We don’t appear again, I think there are passing references to characters who looked Indian or might have been Indian but they don’t have any significant impact to the narrative. It’s the story of white people made homeless by the faceless corporations that had given them a home in the first place after evicting native people. In fact there’s a strong argument to be made that pioneers were just cannon fodder, expendable labour and expendable bodies who cleared the plains of Indians and deep rooted grasses. People who did the heavy lifting and took the greatest risks for the elusive promise of land and a future while the bankers and second wave of settlers reaped the benefits.

After leaving the farm, the family lives briefly in a Hooverville, one of many tent cities that emerged around larger cities for the migrant workers. They move into company housing to pick peaches and after leaving the exploitation of corporate agriculture they find themselves alone in a boxcar, then an abandoned farm where they are invisible. This is painfully close to how Indigenous people vanished: outside cities, into reservations, then the invisiblity of allotment and dispersal. We vanish, they vanish. America rolls on.

But what about Alexie’s prophecy of a future in which we are ghosts?  Early in my podcasting career (is it really a career when you don’t get paid for it?) we spoke with Daniel Heath Justice about Indigenous futurisms, something we would also visit with Lee Francis of Red Planet Books and Indigenous Comic Con, as well as many other guests. And they asked us to look for Indigenous people in the future. Where are we? Did we survive? Did the apocalypse happen because we didn’t?

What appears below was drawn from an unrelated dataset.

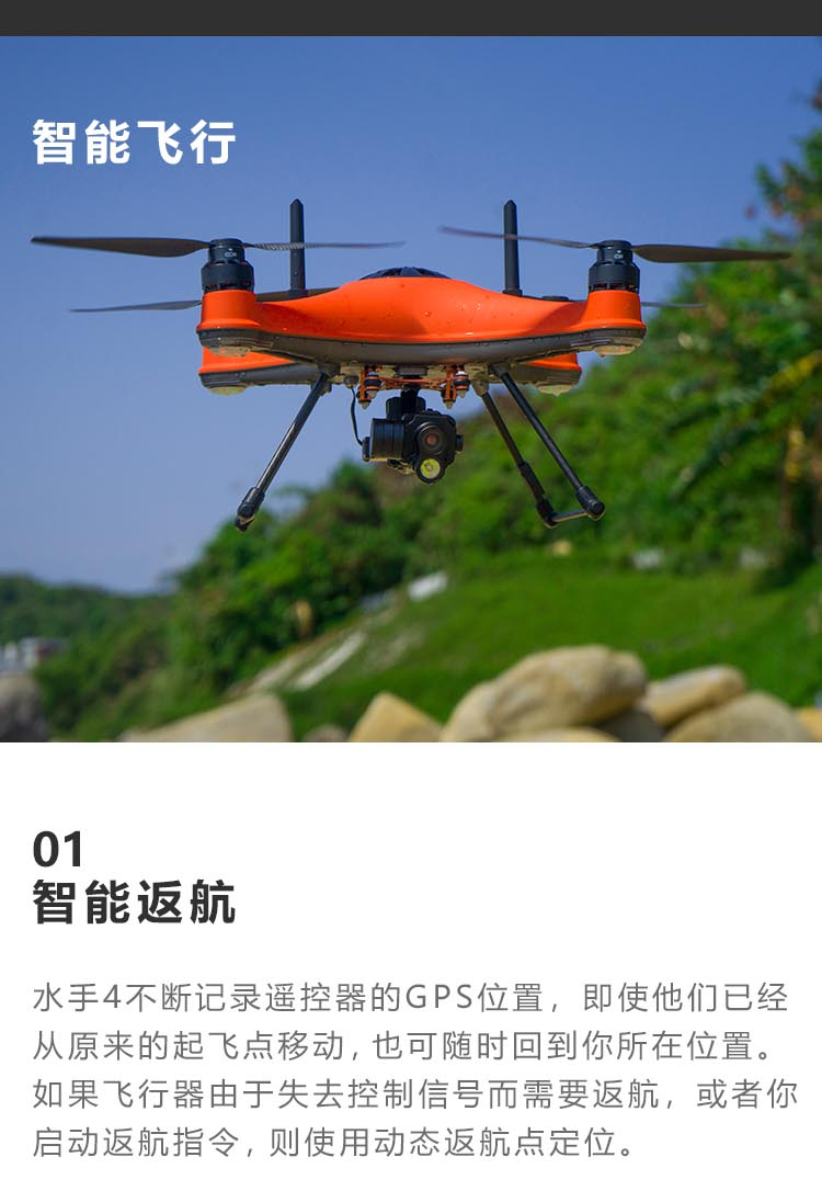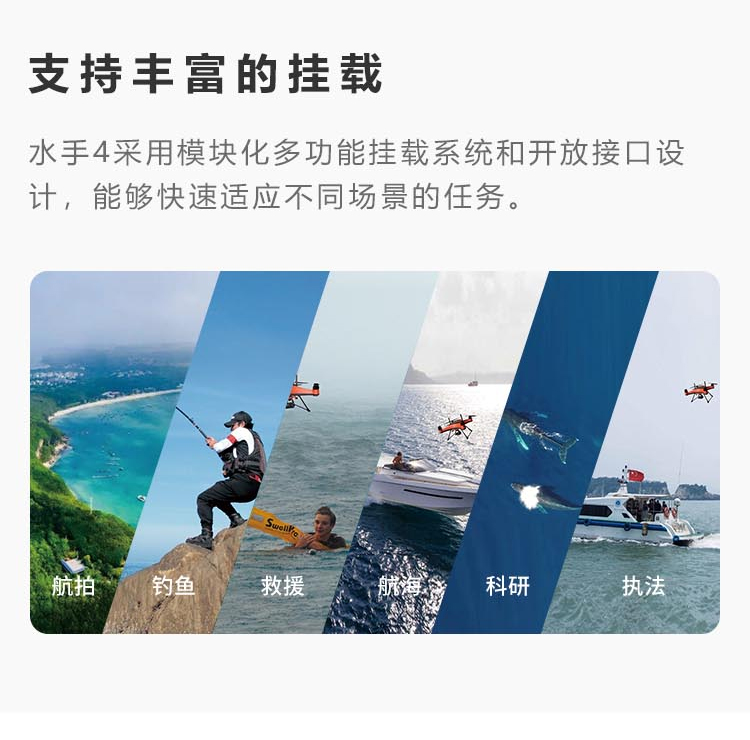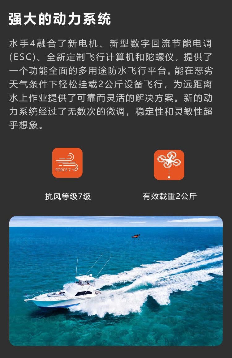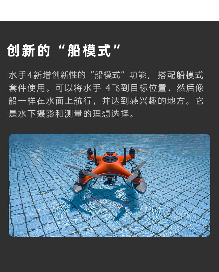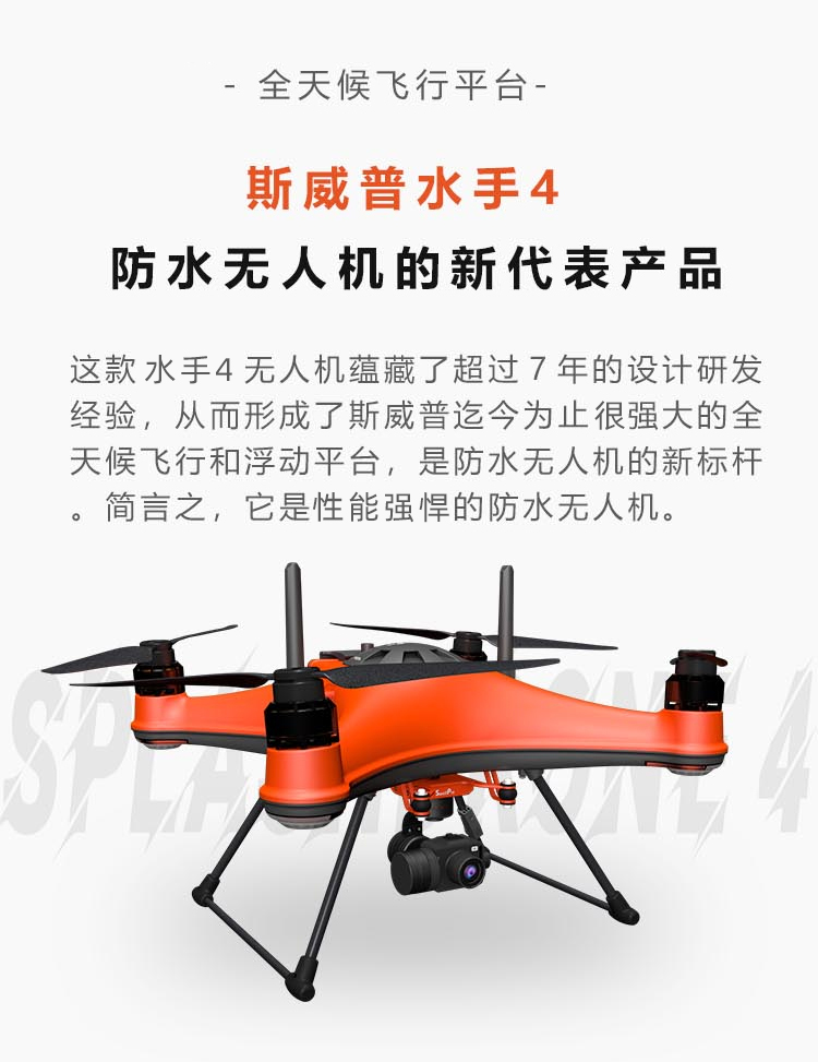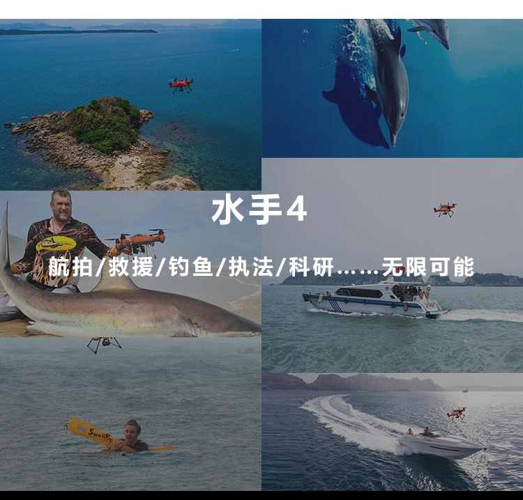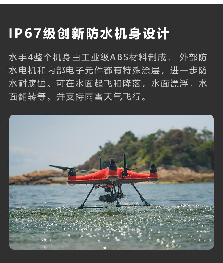 水手4無人機(SplashDrone 4)是一款全新的防水飛行和水上漂浮平臺,專門設(shè)計用于在各種惡劣環(huán)境中多功能作業(yè)。水手4是迄今為止優(yōu)秀的防水無人機之一。采用模塊化防水配件,如4K相機或投放裝置,可以根據(jù)用戶需求自行搭配。水手4用途廣泛,可用于航拍,釣魚,救援和科研等領(lǐng)域。是一個多功能、全天候的防水飛行平臺。

This started me looking for Indigenous people in the books I read and when I couldn’t find us in the future posited in Omar El Akkad’s book American War I tweeted at him, and he responded thoughtfully.  While I don’t take any credit for it, his second book What Strange Paradise is a Peter Pan story and there are Indians in Peter Pan, there is Indigenous presence in a story about a refugee child on an unnamed island in the Mediterranean Sea.  It is an extraordinary book and I wrote about it earlier, but be warned there’s spoilers in that essay.

Narratives matter. Injustice requires a narrative that will make it seem like justice, or maybe inevitability tinged with just enough tragedy that allows us to feel bad without requiring anything from us. The things we feel, our emotions, grow from the stories we are told. Stories tell us how to feel in different circumstances, stories tell us what is fair and what is not and who is here and who is not and why things are the way that they are. And our stories have ethical consequences we need to think about.

So in whatever narrative you find yourself, fiction or not, poetry or news media, sermons or lectures or any of the places you hear story. Listen for us. And start thinking about what isn’t in the text, which is just our entire history.